The location and degree of liver injury may selectively induce restitutive proliferation of different cellular components of the liver. Based on identification of proliferation of hepatocytes following two-thirds partial hepatectomy of rats, it was concluded that the liver could reconstitute itself through proliferation of “mature” hepatocytes [1-3]. However, there is increasing evidence supporting the existence of “reserve” liver stem cells, which proliferate in response to severe liver injury induced by chemicals . For example, we previously described proliferation of small “null” intraportal cells that sequentially acquired markers of differentiation to hepatocytes  after periportal liver necrosis induced by allyl alcohol [6-8]. Such cells are seen in an intraportal location during the first 24-57 h after allyl alcohol-induced liver injury. The progeny of these cells then extend across the necrotic zone and, as they do, acquire differentiation markers that reflect markers seen during maturation of the fetal liver . Electron microscopic characterization of these differentiating cells reveals the three cell types similar to those found in chronic ductular reactions  and focal nodular hyperplasia  of human liver: type I, small immature or progenitor cells; type II, bile duct-like progenitor cells; and type III, hepatocyte-like progenitor cells. At three days after injury over 90% of the cells restoring the necrotic zone are type III cells. The ultrastructural appearance of these cells is consistent with the conclusion that liver stem cells differentiate through stages of “restitutive” and “transitional” hepatocytes before developing the appearance of mature hepatocytes. In this process the cells do not demonstrate any bile duct-like structures as do the oval cells seen after carcinogenic regimens. On the other hand, proliferation of bile ducts also occurs, leading to redundant ducts in zones of liver injury. Type II, bile duct-like cells, are only seen within bile duct structures after allyl alcohol injury, and proliferation of duct cells does not appear to contribute to the restitution of the liver cords. The results suggest that intraportal liver stem cells proliferate and differentiate directly into intermediate progenitor cell types, termed type I (“immature”) and type III (“restitutive” and “transitional”) progenitor cells that eventually restore the damaged hepatic cord.

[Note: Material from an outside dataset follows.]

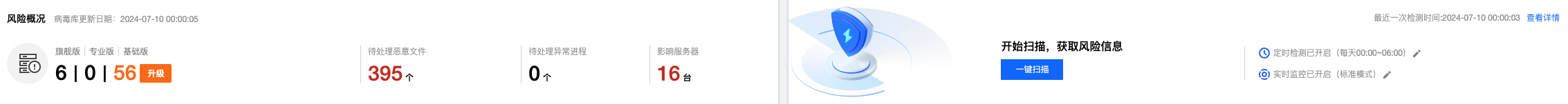 待处理风险:目标服务器检测出待处理的风险文件数量。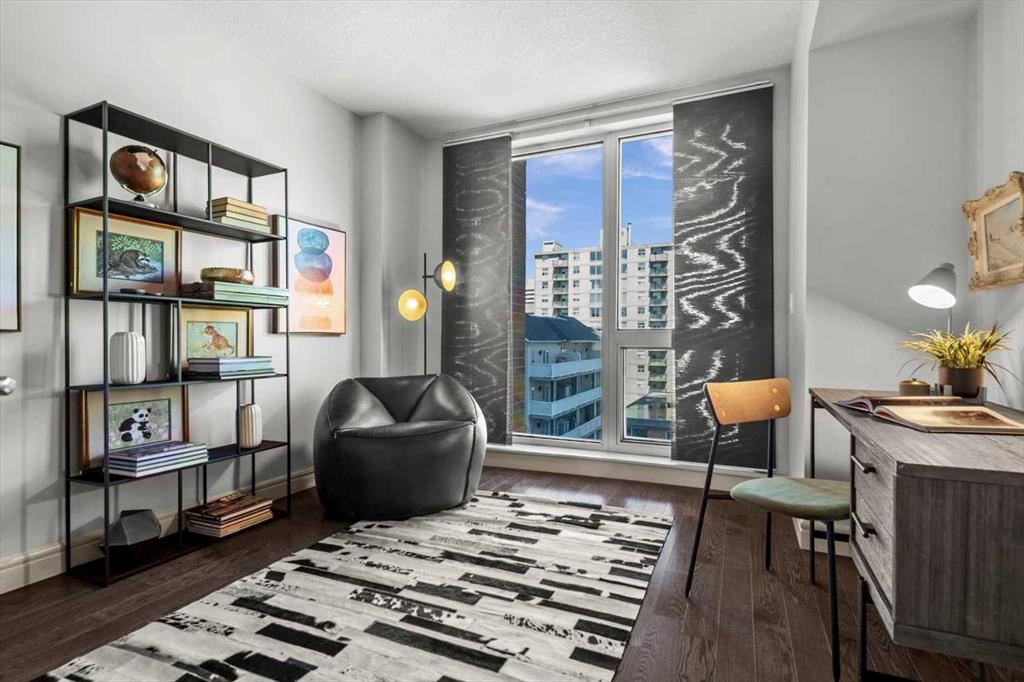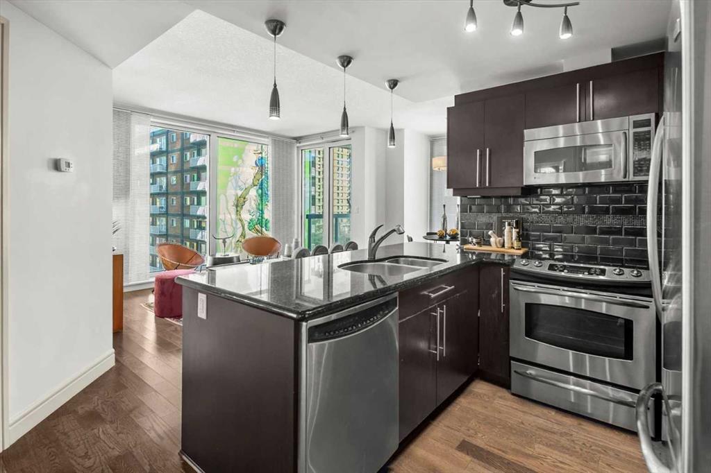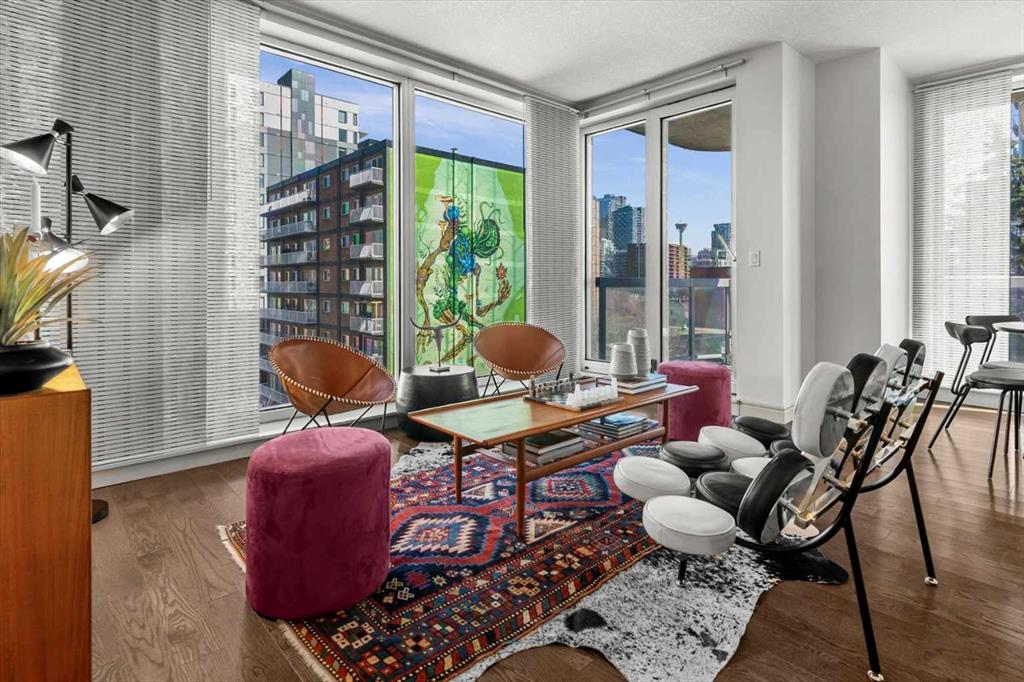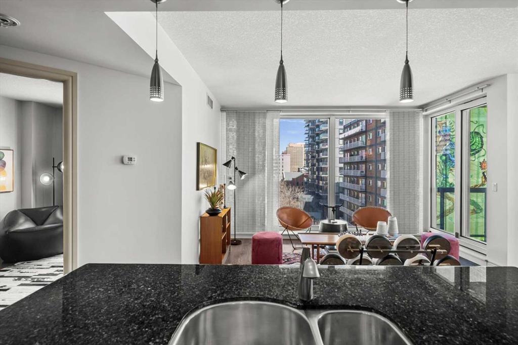 Bright, quiet, and impeccably positioned on the 5th floor, this nearly 900 sq ft corner suite offers a refined urban lifestyle in one of Calgary’s most sought-after inner-city locations. Featuring two bedrooms and two full bathrooms, the home strikes a rare balance between downtown energy and everyday tranquility, sitting just steps from the excitement of 17th Avenue while staying thoughtfully set back from the bustle of city life. Living here means embracing a truly walkable lifestyle. Start your mornings with coffee from a nearby café, pick up groceries or fresh produce just around the corner, or head to your favourite yoga studio or boutique gym, all without ever needing your car. Commuting is effortless, whether you work downtown, attend meetings across the core, or rely on nearby transit routes for easy access throughout the city. In the evenings, stroll to award-winning restaurants, lively patios, cocktail lounges, and local boutiques, then return home to a peaceful retreat elevated above the street. Inside, the open-concept layout is flooded with natural light thanks to floor-to-ceiling windows and a desirable corner orientation. Hardwood floors, central air conditioning and heating, in-suite laundry, and a thoughtful split-bedroom design create a space that feels both stylish and highly functional. The primary bedroom offers excellent privacy with a generous closet and a well-appointed ensuite, while the second bedroom and full bathroom are ideally positioned for guests, roommates, or a dedicated home office. Step onto the private balcony off the living room and enjoy your own outdoor space, complete with a gas BBQ hookup…perfect for relaxed evenings, summer grilling, or entertaining friends before heading out on 17th Ave. The home also includes titled underground parking and a separate storage locker, adding everyday convenience and peace of mind. The Montana is a standout building in Calgary’s urban landscape, known for its timeless architectural design and quality concrete construction that provides superior soundproofing and long-term value. Residents enjoy a low-maintenance, luxury lifestyle with a 7-day concierge, a newly updated fitness centre, and condominium fees that include heat, water, insurance, and more. Beautifully maintained and move-in ready, this residence is ideal for professionals, downsizing, or urban enthusiasts seeking sophisticated downtown living without compromise. This is a home that truly complements the vibrant, connected lifestyle that downtown Calgary is known for.

Twelve female Sprague-Dawley rats (weight 143-183 g) were injected i.p. with 0.62 mmol/kg of allyl alcohol, and three animals each were euthanized 33, 57, 81, and 129 h later ; note that the last time of sacrifice was 153 h in the experiments reported in previous experiments). The livers were examined by gross inspection. Tissue blocks from each lobe of the liver were taken separately and fixed in 3% phosphate-buffered glutaraldehyde for one micron sections for electron microscopy. One micron sections from eight blocks from each animal were placed on acid-cleaned glass slides, heat fixed and processed as previously described [11, 12]. The results of the light microscopic autoradiography on thick sections have already been reported  and will be presented only for background information in this paper. The one micron sections were stained with a solution of two parts 0.5% toluidine blue to one part 1% sodium borate, and areas showing injury or cellular response were selected for processing for ultrastructural examination. Thin sections from selected areas were cut on an MT-II Ultratome and stained with filtered 5% aqueous uranyl acetate diluted with an equal volume of 95% ethyl alcohol for 20 min in the dark and with Reynold's lead citrate for five min. Dried slides were coated with a thick layer of carbon using an Edwards 306 vacuum coater. The sections were viewed on a JOEL JEM 1200 EX electron microscope.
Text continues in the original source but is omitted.